Rule one, the basic data type itself and its value

  We all know that each type of data has its own space size,
  char: 1 byte;
  short: 2 bytes,
  int: 4 bytes,
  float: 4 bytes,
  double: 8 bytes.
  This principle is used At the time, we follow the downward alignment method, that is, the total space occupied by the data declared first is an integer multiple of the following data type. Such as

typedef struct Test//首先考虑自身的对齐
{
    
    
	char a;     //1字节
	short b;    //2字节
	int c;      //4字节
	long d;     //8字节
}Test;

  We can know that its type corresponds to 1/2/4/8 bytes, and this is far from the final result, but it is certain that the result must be greater than 15, so how to calculate it?
According to the principle of our basic data types, if the space above is an integer multiple of the space below, then

typedef struct Test//首先考虑自身的对齐
{
    
    
	char a;     //1字节+1字节
	short b;    //2字节    .....一共4字节
	int c;      //4字节    .....一共8字节
	long d;     //8字节    .....一共16字节
}Test;

  So the answer is 16 bytes, but it is not applicable everywhere here. It needs to be used in conjunction with the third rule, which will be introduced later. Note

Rule two, the specified alignment value of the program

  In addition to the default alignment of the data type, we can also customize the alignment size, that is, use #pragma pack(value) to specify the alignment value as value. In this way, we do not need to be an integer multiple of the next data type when calculating the space, but only need to be an integer multiple of the value (there are exceptions, combined with rule 4).
First look at the following code:

#pragma pack (2)
typedef struct ASS
{
    
    
	char a;     //1字节+1字节（与2对齐而不是与4对齐） .....一共2字节
	int b;    //4字节    .....一共6字节
	double c;      //8字节         .....一共14字节
	char d;     //1字节+1字节         .....一共16字节
}ASS;

  So by comparing all the above alignments with 2, the result is 16 bytes

Rule 3: Self-alignment value of custom type

  In addition to the basic alignment in the above two structures, often our calculated value still deviates from the final result, because we also need to consider the alignment of the structure itself.

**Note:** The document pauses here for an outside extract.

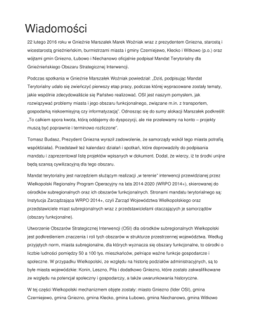 Wiadomości 22 lutego 2016 roku w Gnieźnie Marszałek Marek Woźniak wraz z prezydentem Gniezna, starostą i wicestarostą gnieźnieńskim, burmistrzami miasta i gminy Czerniejewo, Kłecko i Witkowo (p.o.) oraz wójtami gmin Gniezno, Łubowo i Niechanowo oficjalnie podpisał Mandat Terytorialny dla Gnieźnieńskiego Obszaru Strategicznej Interwencji. Podczas spotkania w Gnieźnie Marszałek Woźniak powiedział: „Dziś, podpisując Mandat Terytorialny udało się zwieńczyć pierwszy etap pracy, podczas której wypracowane zostały tematy, jakie wspólnie zdecydowaliście się Państwo realizować. OSI jest naszym pomysłem, jak rozwiązywać problemy miasta i jego obszaru funkcjonalnego, związane m.in. z transportem, gospodarką niskoemisyjną czy informatyzacją”. Odnosząc się do sumy alokacji Marszałek podkreślił: „To całkiem spora kwota, którą oddajemy do dyspozycji, ale nie przelewamy na konto – projekty muszą być poprawnie i terminowo rozliczone”. Tomasz Budasz, Prezydent Gniezna wyraził zadowolenie, że samorządy wokół tego miasta potrafią współdziałać. Przedstawił też kalendarz działań i spotkań, które doprowadziły do podpisania mandatu i zaprezentował listę projektów wpisanych w dokument. Dodał, że wierzy, iż te środki unijne będą szansą cywilizacyjną dla tego obszaru. Mandat terytorialny jest narzędziem służącym realizacji „w terenie” interwencji przewidzianej przez Wielkopolski Regionalny Program Operacyjny na lata 2014-2020 (WRPO 2014+), skierowanej do ośrodków subregionalnych oraz ich obszarów funkcjonalnych. Stronami mandatu terytorialnego są: Instytucja Zarządzająca WRPO 2014+, czyli Zarząd Województwa Wielkopolskiego oraz przedstawiciele miast subregionalnych wraz z przedstawicielami otaczających je samorządów (obszary funkcjonalne). Utworzenie Obszarów Strategicznej Interwencji (OSI) dla ośrodków subregionalnych Wielkopolski jest podkreśleniem znaczenia i roli tych obszarów w strukturze przestrzennej województwa. Według przyjętych norm, miasta subregionalne, dla których wyznacza się obszary funkcjonalne, to ośrodki o liczbie ludności pomiędzy 50 a 100 tys. mieszkańców, pełniące ważne funkcje gospodarcze i społeczne. W przypadku Wielkopolski, ze względu na historię podziałów administracyjnych, są to byłe miasta wojewódzkie: Konin, Leszno, Piła i dodatkowo Gniezno, które zostało zakwalifikowane ze względu na potencjał społeczny i gospodarczy, a także uwarunkowania historyczne. W tej części Wielkopolski mechanizmem objęte zostały: miasto Gniezno (lider OSI), gmina Czerniejewo, gmina Gniezno, gmina Kłecko, gmina Łubowo, gmina Niechanowo, gmina Witkowo oraz powiat gnieźnieński. Przewidziana na mocy Uchwały Zarządu Województwa Wielkopolskiego pula środków na realizację Mandatu Terytorialnego dla Gnieźnieńskiego OSI wynosi ponad 23,5 miliona euro, w tym z Europejskiego Funduszu Rozwoju Regionalnego to kwota prawie 21 milionów euro, a z Europejskiego Funduszu Społecznego pochodzi 2,66 mln euro. W ramach Gnieźnieńskiego OSI środki z Europejskiego Funduszu Rozwoju Regionalnego zostaną przeznaczone na działania dotyczące zmniejszenia emisji zanieczyszczeń i poprawy jakości transportu publicznego, informatyzacji, modernizacji dróg wojewódzkich, wsparcia przedsiębiorczości oraz inwestowania w infrastrukturę edukacyjną. Środki z Europejskiego Funduszu Społecznego będą wspierać działania dotyczące szkolnictwa zawodowego, edukacji, integracji społecznej oraz aktywności zawodowej osób wyłączonych z rynku pracy z powodu opieki nad małymi dziećmi. Działania przeznaczone do finansowania z Europejskiego Funduszu Rozwoju Regionalnego: - Działanie 5.1. Infrastruktura drogowa regionu, beneficjent: Samorząd Województwa Wielkopolskiego oraz Gmina i Miasto Witkowo, alokacja: 4 975 609,75 euro; - Działanie 1.3. Wsparcie przedsiębiorczości i infrastruktury na rzecz rozwoju gospodarczego, beneficjent: Gmina Łubowo, alokacja: 3 524 390,24; - Działanie 3.3. Wspieranie strategii niskoemisyjnych w tym mobilność miejska, beneficjenci: MPK w Gnieźnie, Miasto Gniezno, Powiat Gnieźnieński, Miasto i Gmina Czerniejewo, Gmina Gniezno, Miasto i Gmina Kłecko, Gmina Łubowo, Gmina Niechanowo oraz Gmina i Miasto Witkowo, alokacja: 6 291 646,92; - Działanie 9.3. Inwestowanie w rozwój infrastruktury edukacyjnej i szkoleniowej, beneficjent: Powiat Gnieźnieński, alokacja: 2 256 646,34 euro; - Działanie 2.1 Rozwój elektronicznych usług publicznych, beneficjent: Powiat Gnieźnieński, alokacja: 3 870 609,75 euro; Działania przeznaczone do finansowania z Europejskiego Funduszu Społecznego: - Działanie 6.4. Wsparcie aktywności zawodowej osób wyłączonych z rynku pracy z powodu opieki nad małymi dziećmi, alokacja: 104 613,15 euro; - Działanie 7.1. Aktywna integracja, alokacja: 248 780,49; - Działanie 7.2. Usługi społeczne i zdrowotne, alokacja: 829 268,29; - Działanie 8.1. Ograniczenie i zapobieganie przedwczesnemu kończeniu nauki szkolnej oraz wyrównanie dostępu do edukacji przedszkolnej i szkolnej, alokacja: 1 109 146,34; - Działanie 8.3. Wzmocnienie oraz dostosowanie kształcenia i szkolenia zawodowego do potrzeb rynku pracy, alokacja: 373 170,73.

Also called the self-alignment value of a custom type, that is, the value with the largest self-alignment value among the members of a structure or class, which is an integer multiple of the maximum alignment of the data type in the structure,
for example:

typedef struct ASS
{
    
    
	char a;     //1字节
	char b;    //1字节+2字节     .....一共4字节
	int c;      //4字节         .....一共8字节
	char d;     //1字节         .....一共9字节
}ASS;

  Its result is far from the simple calculation of electric shock 9, but the result of its space size is 12, because it is aligned with (int), so 3 bytes are added on the basis of 9.

Rule four, the effective alignment value of the custom type

  Rule 4 is the core part of calculating the alignment space. After #pragma pack(value) customizes the alignment size, we need to find the effective value if we want to judge the real alignment size. Here we remember one point, take the two The smallest value in the aligner is aligned (once the occurrence of #pragma pack(value), all alignment judgments must consider the effective alignment value, including the self-alignment value of the custom type in Rule 3, which is the smallest of the two )
Such as the following procedure:

#pragma pack(2)
typedef struct ASS
{
    
    
	char a;     //1字节+1字节（在2与4中取2对齐） .....一共2字节
	int b;    //4字节 （在2与8中取2对齐）   .....一共6字节
	double c;   //8字节       .....一共14字节
	short d;     //2字节              .....一共16字节
	int f;		//4字节      .......一共20字节（是2的倍数不用往8的倍数靠）
}ASS

  So the result is 20, char and 2 are aligned, so 1 byte of space is added at the end, a total of 6 bytes with int is a multiple of 2, plus a total of 14 bytes of double below, which is a multiple of 2, plus The 2 bytes of short, a total of 16 bytes, and the 4 bytes of int added at the end, a total of 20 bytes. Here, our self-alignment value for the custom type is 8, but we take the smallest of 8 and 2. Therefore, 20 is a multiple of 2, and there is no need to make up. The result is 20.

  Keep these four rules in mind when aligning bytes, and you can correctly calculate the required result by step-by-step execution.